● TASK ITEM:
For this exercise, copy exactly the lines below from the one with "6 papieren bekers" through the one with "发布会上首发亮相的大道乘用版" and leave out the pictures.

● MATERIAL PROVIDED:
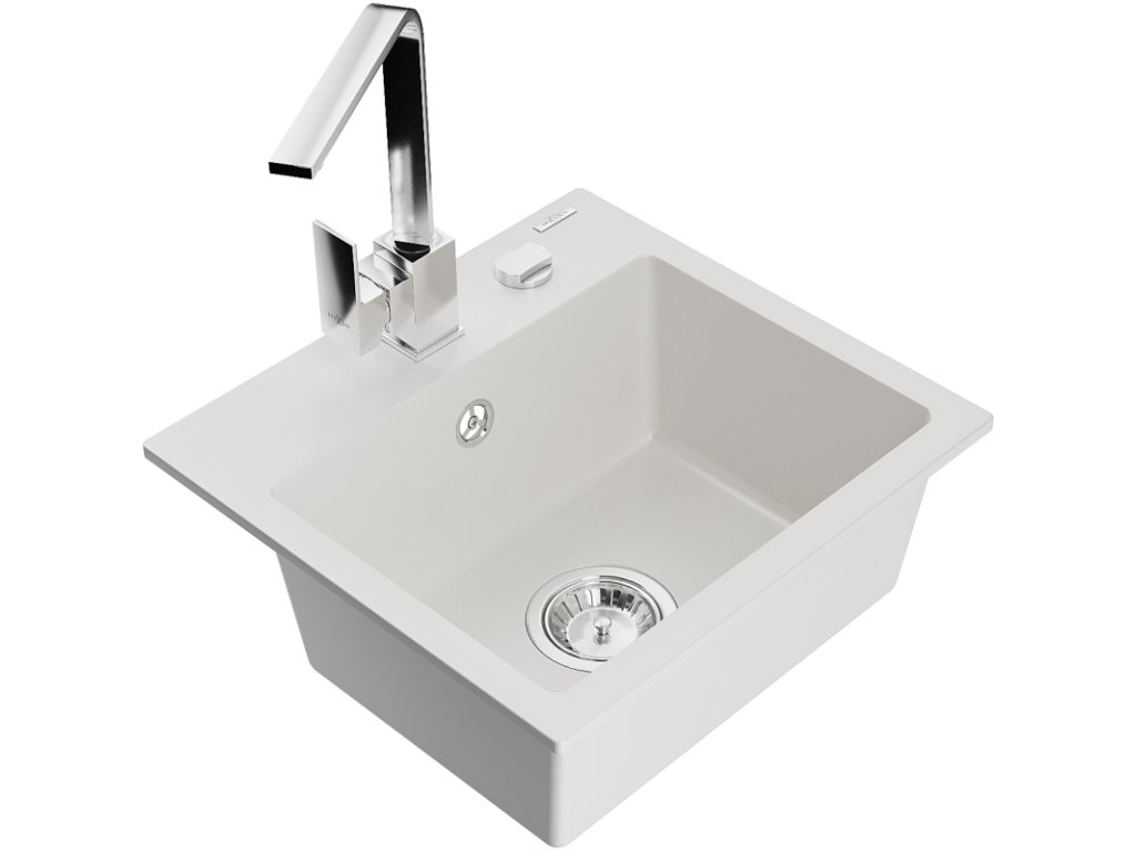 Granitový drez Mexen Milo s 1 misou a kuchynskou batériou Rita, biely - 6505-20-670300-00
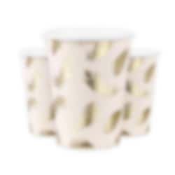 6 papieren bekers met motieven van met goud verijdelde veren van een zwaan. Zeer leuke accessoires om op te nemen in de setting voor de doop of babyshower. De bekers zijn ongeveer 9 cm hoog en hebben een inhoud van ongeveer 220 ml.
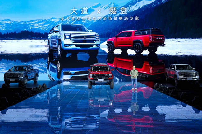 发布会上首发亮相的大道乘用版、大道商乘版和大道越野版三款车型,分别满足不同类别消费者的差异化用车需求,大道魔盒更是打开了皮卡车型的百变基因,让一车多用成为可能。
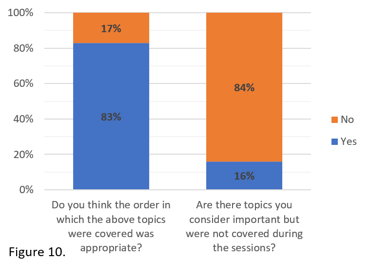 More than 83% of students felt that the selected topics were the most important (Figure 10) and that the order was appropriate. Combined with previous results, it is safe to conclude that students wanted the sessions to be extended throughout their studies because they felt the sessions contained useful content. We asked students to propose topics for future reference. The most frequent suggestion was more specialised and tailored support, such as entering specific career pathways or a more advanced level of information in topics that were covered but in less detail than some students would have liked.

● REPLY:
 6 papieren bekers met motieven van met goud verijdelde veren van een zwaan. Zeer leuke accessoires om op te nemen in de setting voor de doop of babyshower. De bekers zijn ongeveer 9 cm hoog en hebben een inhoud van ongeveer 220 ml.
 发布会上首发亮相的大道乘用版、大道商乘版和大道越野版三款车型,分别满足不同类别消费者的差异化用车需求,大道魔盒更是打开了皮卡车型的百变基因,让一车多用成为可能。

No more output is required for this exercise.